In The American Commonwealth, Bryce canvassed possible solutions to the Negro problem, including the feasibility of deporting Blacks – all eight million – to Africa. He also drew attention to the Mississippi legislation of 1890, which for the first time used an ‘education test’ to exclude otherwise qualified Black voters from the electoral roll. Prevented by the 14th and 15th Amendments from disenfranchising Blacks on the grounds of race, the southern state of Mississippi led the way among self-styled white men’s countries in deploying an education test – in this case a comprehension test – to achieve racial exclusion. The law required that to be registered a voter ‘shall be able to read any section of the Constitution, or be able to understand the same when read to him, or to give a reasonable interpretation thereof’.
The requirement that voters demonstrate a degree of literacy was not itself new. The importance of literacy and education to the exercise of self-government was central to republican understandings of citizenship in the United States, as Matt Jacobsen has pointed out and, it was the northern states of Connecticut (1855) and Massachusetts (1857) that first stipulated that electors should be able to read the Constitution. Massachusetts also required that electors be able to write their names.
The 1890 Constitutional Convention of Mississippi marked a new departure, however, in the recommendation of an education test as a means to effect racial discrimination. The Supreme Court of Mississippi commented on the ways in which Blacks’ racial characteristics rendered them unfit to exercise the suffrage:
Within the field of permissible action under the limitations proposed by the Federal Constitution, the Convention swept the field of expedients to obstruct the exercise of suffrage by the Negro race. By reasons of its previous condition of servitude and dependency, this race had acquired or accentuated certain peculiarities of habit, temperament, and of character, which clearly distinguished it as a race from the whites.
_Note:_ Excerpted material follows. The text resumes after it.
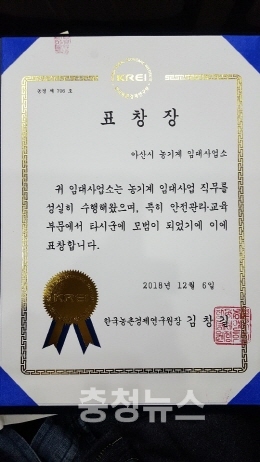 충남 아산시농업기술센터(소장 유지원)는 지난 6일 한국농촌경제연구원 주관으로 천안 상록리조트에서 열린 “농기계 임대사업 워크숍”에서 “안전관리·교육 부문 우수사업소”로 선정돼 한국농촌경제연구원상을 수상했다고 밝혔다.

Although not ostensibly discriminatory, the educational test permitted race distinctions in several ways, as Gilbert Stephenson observed in his 1910 study of Race Distinctions in American Law :
In the first place, registration officers may give a difficult passage of the Constitution to a Negro, and a very easy passage to a white person, or vice versa. He may permit a halting reading by one and require fluent reading by the other. He may let illegible scratching on paper suffice for the signature of one and require of the other a legible handwriting. But race discriminations in such cases rest with the officers; they do not have their basis in the law itself.
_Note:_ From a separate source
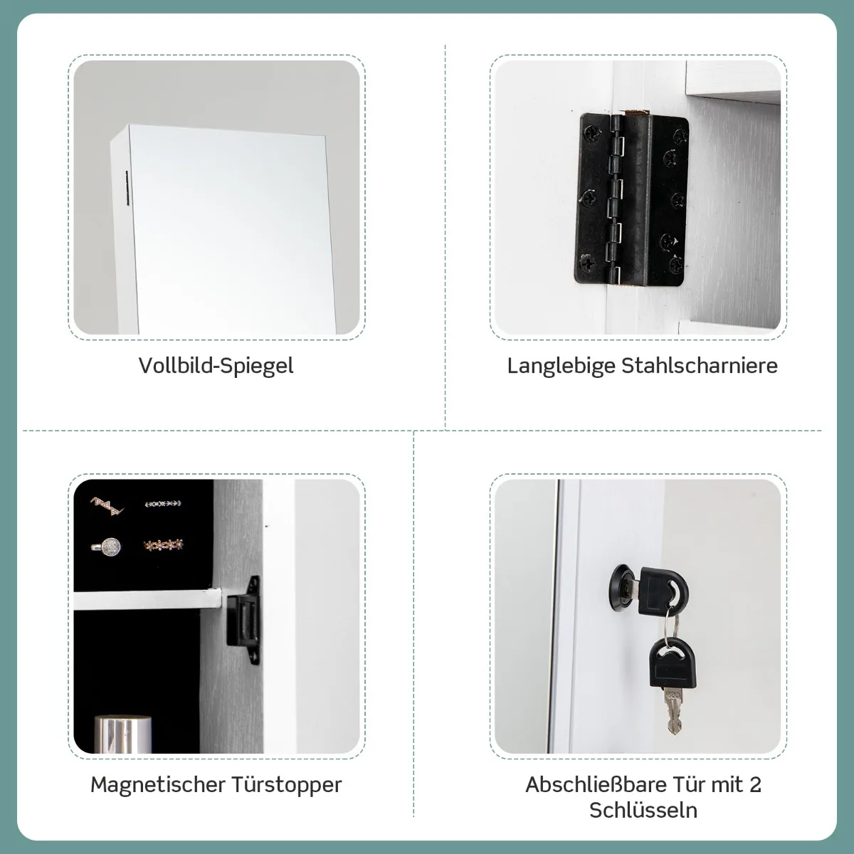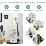 Pastatomas veidrodis-papuošalų spintelė 42x38x157 cm baltos ir juodos spalvų deriniu yra funkcionalus sprendimas papuošalų ir kosmetikos laikymui. Ši spintelė pasižymi erdviu saugojimu, viso ūgio veidrodžiu ir praktišku dizainu, tinkamu įvairiems kambariams.

Other southern states followed suit: South Carolina in 1895, Louisiana in 1898, North Carolina in 1900, Alabama in 1901, Virginia in 1901, and Georgia in 1908. The legislation had the desired effect, as Stephenson reported:
In one county in Mississippi, with a population of about 8,000 whites and 11,700 Negroes in 1900, there were only twenty-five or thirty qualified Negro voters in 1908, the rest being disqualified, it is said, on the educational test. In another county, with 30,000 Negroes, only about 175 were registered voters ... As a general rule, taking the country at large, about one person in five is a male of voting age. In Iowa four out of five possible voters have actually voted in the last four elections; in Georgia, a State of nearly the same population, the proportion is one to six ... These figures show that the ratio of actual voters to total population in the Southern States is astoundingly smaller than in other States.
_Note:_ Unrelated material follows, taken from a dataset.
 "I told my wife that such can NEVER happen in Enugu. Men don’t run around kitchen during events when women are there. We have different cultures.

In The American Commonwealth, Bryce observed that the strategy of racial exclusion in Mississippi had proven so effective, that it had recommended itself to ‘a British colony where the presence of a large coloured population has posed a problem not dissimilar to that we have been examining’. At his suggestion, the Cape Colony in South Africa followed the Mississippi precedent in its Franchise and Ballot Act of 1892, which for the first time applied an education test as well as a property test to further restrict the number of non-whites who could vote there.